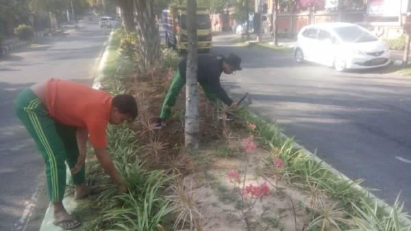 - Pemeliharaan semak, pohon dan perdu, berupa pengendalian hama penyakit dan pemotongan cabang/ranting yang tidak dikehendaki.
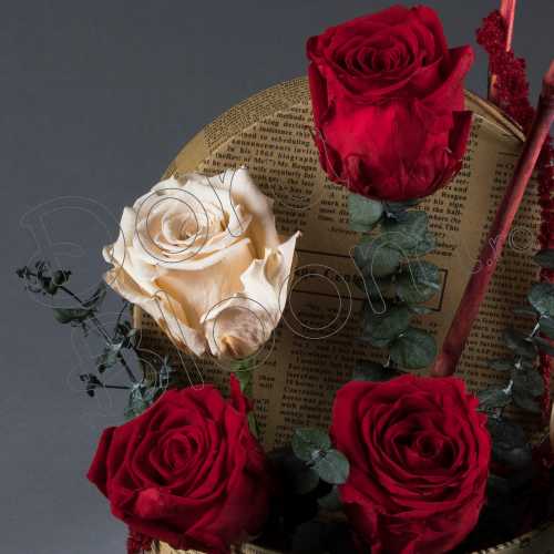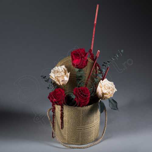 Un aranjament floral cu trandafiri criogenati marca Dora Bloom asezat original intr-o cutie speciala, atent decorata cu alte produse conservate si accesorii asortate. Trandafirii prezervati se pastreaza intact in timp multi ani, nu necesita o ingrijire speciala, nici hrana sau apa. La cerere, aranjamentul se poate crea cu trandafiri criogenati de alte culori.
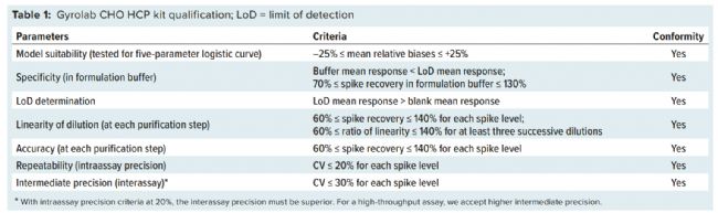 接下來,對Gyrolab CHO-HCP檢測方法進(jìn)行驗證,以確保該方法適用于預(yù)期用途。驗證方案采用與ELISA相同的方法和可接受標(biāo)準(zhǔn);谝呀⒌漠a(chǎn)品/工藝知識和樣品的可用性,在模型適用性(suitability)、專屬性(specificity)、準(zhǔn)確性(accuracy)、稀釋線性度(linearity)、定量限(LoQ)、檢測限(LoD)、重復(fù)性(intra-assay precision)和中間精密度(inter-assay precision)等方面對Gyrolab檢測方法進(jìn)行了驗證。如表1所示,驗證方案中規(guī)定的所有驗收標(biāo)準(zhǔn)均被滿足。
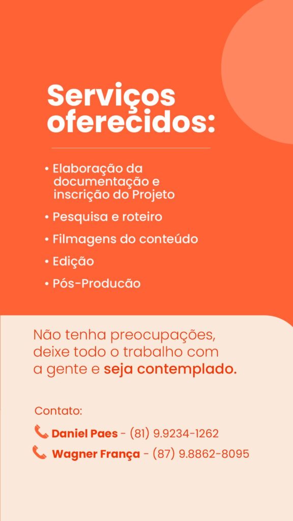 A gama de serviços oferecidos pela equipe não se limita apenas à papelada burocrática. A assessoria de Daniel Paes e Wagner França engloba pesquisa e roteiro, filmagens do conteúdo, edição e pós-produção. Essa abordagem integrada visa não apenas atender às exigências formais da lei, mas também criar projetos visualmente impactantes e culturalmente relevantes.

◆ Exercise goal
Only the text of the listing should be returned, exactly and in full; no image goes into the copy.

◆ Written reply
 - Pemeliharaan semak, pohon dan perdu, berupa pengendalian hama penyakit dan pemotongan cabang/ranting yang tidak dikehendaki.
 Un aranjament floral cu trandafiri criogenati marca Dora Bloom asezat original intr-o cutie speciala, atent decorata cu alte produse conservate si accesorii asortate. Trandafirii prezervati se pastreaza intact in timp multi ani, nu necesita o ingrijire speciala, nici hrana sau apa. La cerere, aranjamentul se poate crea cu trandafiri criogenati de alte culori.
 接下來,對Gyrolab CHO-HCP檢測方法進(jìn)行驗證,以確保該方法適用于預(yù)期用途。驗證方案采用與ELISA相同的方法和可接受標(biāo)準(zhǔn);谝呀⒌漠a(chǎn)品/工藝知識和樣品的可用性,在模型適用性(suitability)、專屬性(specificity)、準(zhǔn)確性(accuracy)、稀釋線性度(linearity)、定量限(LoQ)、檢測限(LoD)、重復(fù)性(intra-assay precision)和中間精密度(inter-assay precision)等方面對Gyrolab檢測方法進(jìn)行了驗證。如表1所示,驗證方案中規(guī)定的所有驗收標(biāo)準(zhǔn)均被滿足。
 A gama de serviços oferecidos pela equipe não se limita apenas à papelada burocrática. A assessoria de Daniel Paes e Wagner França engloba pesquisa e roteiro, filmagens do conteúdo, edição e pós-produção. Essa abordagem integrada visa não apenas atender às exigências formais da lei, mas também criar projetos visualmente impactantes e culturalmente relevantes.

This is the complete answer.